Dominic didn’t know what to say to that. In their conversation with Steelminder it had never seemed to be an issue. Looking at it in this new light, he could see how Welexi might take some offense. “What do you want to do about it?” asked Dominic. “We can’t say that you had a part in it.”
“No,” said Welexi. “Heroes do not stoop to lying. You should have known that. Leaving the criminal past behind was a condition of joining us our travels. I should have been more clear on that. I fear that Vidre has been a poor influence on you in that regard.”
“What we did wasn’t criminal,” Dominic replied. “There aren’t any laws in place that say people in a duel have to try their hardest to kill each other. It was deceptive, but that was it.”

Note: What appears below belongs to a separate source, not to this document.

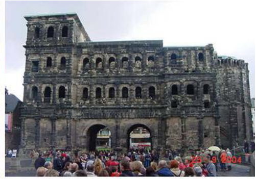
Trèves et la Porta Nigra

“Do you wish to debate me on the difference between legality and ethics?” asked Welexi. He frowned. “No, it wouldn’t do, even if you’d had the schooling for it, which you haven’t. Lightscour, if you’re to be my apprentice, you need to follow in my footsteps and learn from me. Why did you even do this thing with Vidre? Why collaborate with Kendrick? Was it fear?”
Dominic was silent. He hadn’t come here to be dressed down, and what’s more, he didn’t feel bad about any of the deceptions: not the initial one with Kendrick, nor the second one with Kendrick’s letter. When Dominic had been younger, and still living with his parents, he had occasionally caught his father’s ire for some small thing he’d done. It hadn’t taken long for him to realize that these moments often came on the heels of tax day, when money was tight and the ledgers had to be balanced. Welexi had been excised from the peace proceedings. He needed someone to direct his frustration towards. It was a simple, human thing, but Dominic had expected better of a self-proclaimed hero.

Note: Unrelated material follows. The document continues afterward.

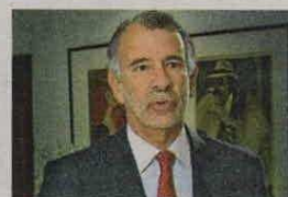
EDUARDO VERANO DE LA ROSA Gobernador del Atlántico @veranodelarosa

Aunque las bases ya están cimentadas, la implementación y consolidación de esta política supone notables retos que vale la pena destacar. En efecto, se requieren de importantes esfuerzos, inversiones e intervenciones específicas destinadas a fortalecer la cultura de datos, sumadas a la inclusión de un mayor capital humano y físico encargado de proponer e innovar. Parte también de un esfuerzo académico en donde las instituciones de educación superior introduzcan nuevas herramientas que incentiven a los estudiantes a especializarse como científicos y analíticos de datos. Finalmente, la implementación de esta política requiere de una actualización y capacitación constante, una sólida infraestructura y la armonización de la pluralidad de disposiciones normativas y jurídicas aplicables al contexto que, en su conjunto, generen unas condiciones mínimas o habilitantes para el éxito de la transformación de datos en conocimiento.

“Have you spoken with Gaelwyn?” asked Welexi. He cocked his head slightly to the side and stared at Dominic with piercing eyes. His face had fully healed, with the small cuts in the skin left behind by Gaelwyn’s healing now completely closed. He was handsome and imposing; he was the sort of man who begged to be made into a statue. “He’s down in the dungeons right now.”
“I haven’t,” said Dominic. He felt a small pang of guilt at that, more than for any of the other things he’d done.
“You should,” said Welexi. “I had to deliver the news of your lies to him. He was none too pleased.”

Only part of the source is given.